Red‑teaming results and production metrics
Anthropic ran 1,700 hours of accumulated red‑teaming across 198,000 attempts. The numbers speak:
Only one high‑risk vulnerability was found in that period.
The detection rate is 0.005 per thousand queries, the lowest among techniques evaluated.
No universal jailbreak has been discovered to date.
Additionally, the rejection rate for benign queries was 0.05% in Claude Sonnet 4.5, and the total compute overhead is about 1% when applied to Claude Opus 4.0.
What's next? promising research directions
Anthropic suggests several directions to improve further:
Integrate classifier signals directly into the generation process (decoding) to prevent problematic outputs at the source.
Train models to better resist obfuscation and reconstruction techniques; in other words, teach the model not to cooperate even when the request is veiled.
Automate red‑teaming to generate adversarial data more systematically and thus improve classifier training.

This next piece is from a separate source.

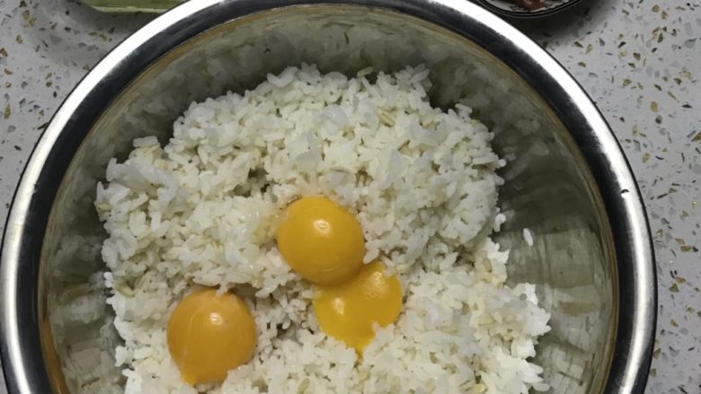 1. 所有材料备齐后,把蛋白和蛋黄分开,三颗蛋黄放入米饭中搅拌均匀,让每颗饭粒都沾满蛋液。

Sound like a patch or real evolution? Probably both: pragmatic fixes for known issues, but also steps toward more integrated designs where the model and its defenses are trained to cooperate.
Practical perspective
If you work with LLMs in product or security, this matters because it shows a viable path to improve safety without skyrocketing costs or degrading user experience. Reusing internal activations with linear probes and a cascade architecture is an elegant engineering solution.
If you’re a researcher, this focuses attention on two open challenges: designing robust probes and finding ways to integrate safety signals into generation without harming model usefulness.
In short: the next generation of constitutional classifiers significantly reduces the attack surface, lowers friction for honest users, and makes deployment sustainable. It’s not the final word on LLM security, but it’s a concrete, practical advance.